Provided material:
=== Section Start ===

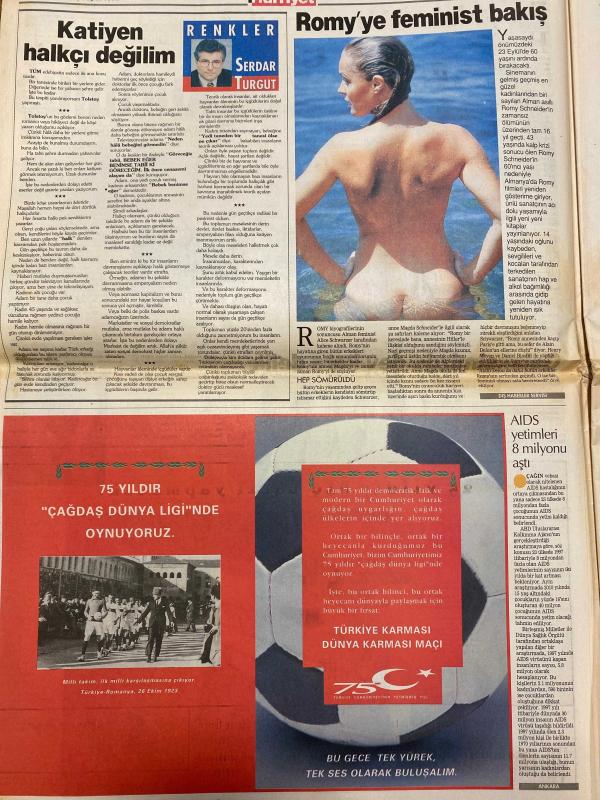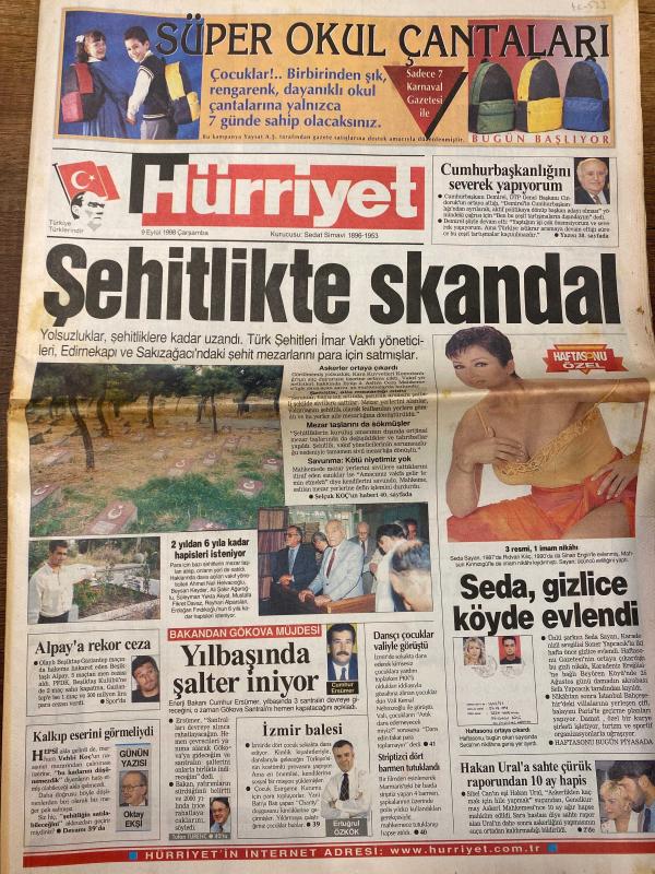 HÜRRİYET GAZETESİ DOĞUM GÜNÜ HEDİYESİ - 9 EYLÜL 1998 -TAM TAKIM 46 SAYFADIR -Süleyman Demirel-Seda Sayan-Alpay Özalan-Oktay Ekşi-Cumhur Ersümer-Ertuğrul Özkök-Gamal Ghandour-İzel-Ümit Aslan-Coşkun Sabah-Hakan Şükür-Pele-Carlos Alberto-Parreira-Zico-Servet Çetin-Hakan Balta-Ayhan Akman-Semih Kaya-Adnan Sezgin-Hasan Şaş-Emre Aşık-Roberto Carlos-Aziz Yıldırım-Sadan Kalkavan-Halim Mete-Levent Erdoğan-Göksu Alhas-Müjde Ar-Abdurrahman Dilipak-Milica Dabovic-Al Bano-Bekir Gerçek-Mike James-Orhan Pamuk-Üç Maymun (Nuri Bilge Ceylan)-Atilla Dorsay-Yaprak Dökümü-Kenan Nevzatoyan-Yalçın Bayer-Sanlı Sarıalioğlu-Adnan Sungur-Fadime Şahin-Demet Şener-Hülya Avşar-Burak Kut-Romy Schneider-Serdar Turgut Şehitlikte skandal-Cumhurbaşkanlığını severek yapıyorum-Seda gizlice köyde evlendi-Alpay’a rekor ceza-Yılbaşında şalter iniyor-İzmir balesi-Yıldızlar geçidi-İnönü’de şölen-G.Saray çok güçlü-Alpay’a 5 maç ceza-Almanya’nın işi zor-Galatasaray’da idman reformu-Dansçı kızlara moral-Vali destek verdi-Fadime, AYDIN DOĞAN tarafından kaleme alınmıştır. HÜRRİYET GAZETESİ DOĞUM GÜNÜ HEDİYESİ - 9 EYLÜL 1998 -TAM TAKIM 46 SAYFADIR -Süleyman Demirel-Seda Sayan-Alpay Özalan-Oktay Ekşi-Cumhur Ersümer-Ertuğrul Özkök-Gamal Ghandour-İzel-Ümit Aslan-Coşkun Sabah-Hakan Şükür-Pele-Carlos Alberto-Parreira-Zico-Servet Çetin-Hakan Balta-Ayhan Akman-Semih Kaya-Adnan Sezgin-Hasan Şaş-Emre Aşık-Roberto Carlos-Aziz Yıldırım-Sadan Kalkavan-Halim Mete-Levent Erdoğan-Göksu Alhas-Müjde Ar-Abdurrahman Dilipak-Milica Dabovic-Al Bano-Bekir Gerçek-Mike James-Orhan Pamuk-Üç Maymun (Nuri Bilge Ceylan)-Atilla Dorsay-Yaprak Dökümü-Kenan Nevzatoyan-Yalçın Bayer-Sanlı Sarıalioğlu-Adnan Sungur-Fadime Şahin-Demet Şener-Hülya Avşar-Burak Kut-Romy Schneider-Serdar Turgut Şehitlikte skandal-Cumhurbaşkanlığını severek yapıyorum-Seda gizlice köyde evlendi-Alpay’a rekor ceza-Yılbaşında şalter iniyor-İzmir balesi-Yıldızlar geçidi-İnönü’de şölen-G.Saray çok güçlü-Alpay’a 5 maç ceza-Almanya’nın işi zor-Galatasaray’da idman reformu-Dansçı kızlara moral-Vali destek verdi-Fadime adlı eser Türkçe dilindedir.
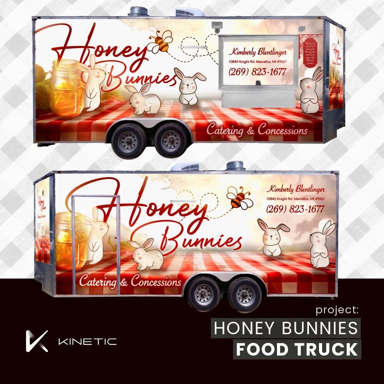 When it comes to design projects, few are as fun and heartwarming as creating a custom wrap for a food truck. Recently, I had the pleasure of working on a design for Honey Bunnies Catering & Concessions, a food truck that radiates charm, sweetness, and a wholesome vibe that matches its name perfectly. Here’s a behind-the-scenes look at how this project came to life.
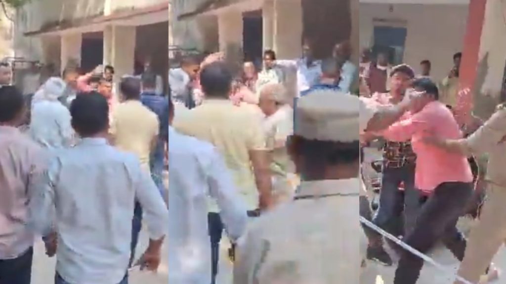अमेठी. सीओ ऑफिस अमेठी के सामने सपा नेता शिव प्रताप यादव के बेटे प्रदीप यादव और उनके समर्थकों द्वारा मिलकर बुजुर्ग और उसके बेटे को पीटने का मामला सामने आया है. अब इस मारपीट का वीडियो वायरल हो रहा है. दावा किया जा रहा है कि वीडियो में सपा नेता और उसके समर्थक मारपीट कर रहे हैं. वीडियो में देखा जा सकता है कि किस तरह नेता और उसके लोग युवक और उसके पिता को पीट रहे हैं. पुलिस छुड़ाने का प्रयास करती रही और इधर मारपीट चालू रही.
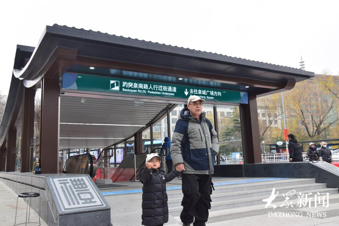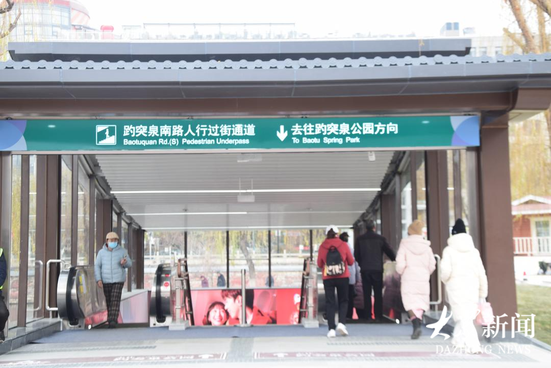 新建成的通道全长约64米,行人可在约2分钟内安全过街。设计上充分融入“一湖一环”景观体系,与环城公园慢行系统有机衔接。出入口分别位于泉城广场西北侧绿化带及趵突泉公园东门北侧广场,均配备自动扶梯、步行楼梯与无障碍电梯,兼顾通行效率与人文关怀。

=== Section End ===

What the task asks: Without any pictures, transcribe the listing above exactly as written.

Task output:
 HÜRRİYET GAZETESİ DOĞUM GÜNÜ HEDİYESİ - 9 EYLÜL 1998 -TAM TAKIM 46 SAYFADIR -Süleyman Demirel-Seda Sayan-Alpay Özalan-Oktay Ekşi-Cumhur Ersümer-Ertuğrul Özkök-Gamal Ghandour-İzel-Ümit Aslan-Coşkun Sabah-Hakan Şükür-Pele-Carlos Alberto-Parreira-Zico-Servet Çetin-Hakan Balta-Ayhan Akman-Semih Kaya-Adnan Sezgin-Hasan Şaş-Emre Aşık-Roberto Carlos-Aziz Yıldırım-Sadan Kalkavan-Halim Mete-Levent Erdoğan-Göksu Alhas-Müjde Ar-Abdurrahman Dilipak-Milica Dabovic-Al Bano-Bekir Gerçek-Mike James-Orhan Pamuk-Üç Maymun (Nuri Bilge Ceylan)-Atilla Dorsay-Yaprak Dökümü-Kenan Nevzatoyan-Yalçın Bayer-Sanlı Sarıalioğlu-Adnan Sungur-Fadime Şahin-Demet Şener-Hülya Avşar-Burak Kut-Romy Schneider-Serdar Turgut Şehitlikte skandal-Cumhurbaşkanlığını severek yapıyorum-Seda gizlice köyde evlendi-Alpay’a rekor ceza-Yılbaşında şalter iniyor-İzmir balesi-Yıldızlar geçidi-İnönü’de şölen-G.Saray çok güçlü-Alpay’a 5 maç ceza-Almanya’nın işi zor-Galatasaray’da idman reformu-Dansçı kızlara moral-Vali destek verdi-Fadime, AYDIN DOĞAN tarafından kaleme alınmıştır. HÜRRİYET GAZETESİ DOĞUM GÜNÜ HEDİYESİ - 9 EYLÜL 1998 -TAM TAKIM 46 SAYFADIR -Süleyman Demirel-Seda Sayan-Alpay Özalan-Oktay Ekşi-Cumhur Ersümer-Ertuğrul Özkök-Gamal Ghandour-İzel-Ümit Aslan-Coşkun Sabah-Hakan Şükür-Pele-Carlos Alberto-Parreira-Zico-Servet Çetin-Hakan Balta-Ayhan Akman-Semih Kaya-Adnan Sezgin-Hasan Şaş-Emre Aşık-Roberto Carlos-Aziz Yıldırım-Sadan Kalkavan-Halim Mete-Levent Erdoğan-Göksu Alhas-Müjde Ar-Abdurrahman Dilipak-Milica Dabovic-Al Bano-Bekir Gerçek-Mike James-Orhan Pamuk-Üç Maymun (Nuri Bilge Ceylan)-Atilla Dorsay-Yaprak Dökümü-Kenan Nevzatoyan-Yalçın Bayer-Sanlı Sarıalioğlu-Adnan Sungur-Fadime Şahin-Demet Şener-Hülya Avşar-Burak Kut-Romy Schneider-Serdar Turgut Şehitlikte skandal-Cumhurbaşkanlığını severek yapıyorum-Seda gizlice köyde evlendi-Alpay’a rekor ceza-Yılbaşında şalter iniyor-İzmir balesi-Yıldızlar geçidi-İnönü’de şölen-G.Saray çok güçlü-Alpay’a 5 maç ceza-Almanya’nın işi zor-Galatasaray’da idman reformu-Dansçı kızlara moral-Vali destek verdi-Fadime adlı eser Türkçe dilindedir.
 When it comes to design projects, few are as fun and heartwarming as creating a custom wrap for a food truck. Recently, I had the pleasure of working on a design for Honey Bunnies Catering & Concessions, a food truck that radiates charm, sweetness, and a wholesome vibe that matches its name perfectly. Here’s a behind-the-scenes look at how this project came to life.
अमेठी. सीओ ऑफिस अमेठी के सामने सपा नेता शिव प्रताप यादव के बेटे प्रदीप यादव और उनके समर्थकों द्वारा मिलकर बुजुर्ग और उसके बेटे को पीटने का मामला सामने आया है. अब इस मारपीट का वीडियो वायरल हो रहा है. दावा किया जा रहा है कि वीडियो में सपा नेता और उसके समर्थक मारपीट कर रहे हैं. वीडियो में देखा जा सकता है कि किस तरह नेता और उसके लोग युवक और उसके पिता को पीट रहे हैं. पुलिस छुड़ाने का प्रयास करती रही और इधर मारपीट चालू रही.
 新建成的通道全长约64米,行人可在约2分钟内安全过街。设计上充分融入“一湖一环”景观体系,与环城公园慢行系统有机衔接。出入口分别位于泉城广场西北侧绿化带及趵突泉公园东门北侧广场,均配备自动扶梯、步行楼梯与无障碍电梯,兼顾通行效率与人文关怀。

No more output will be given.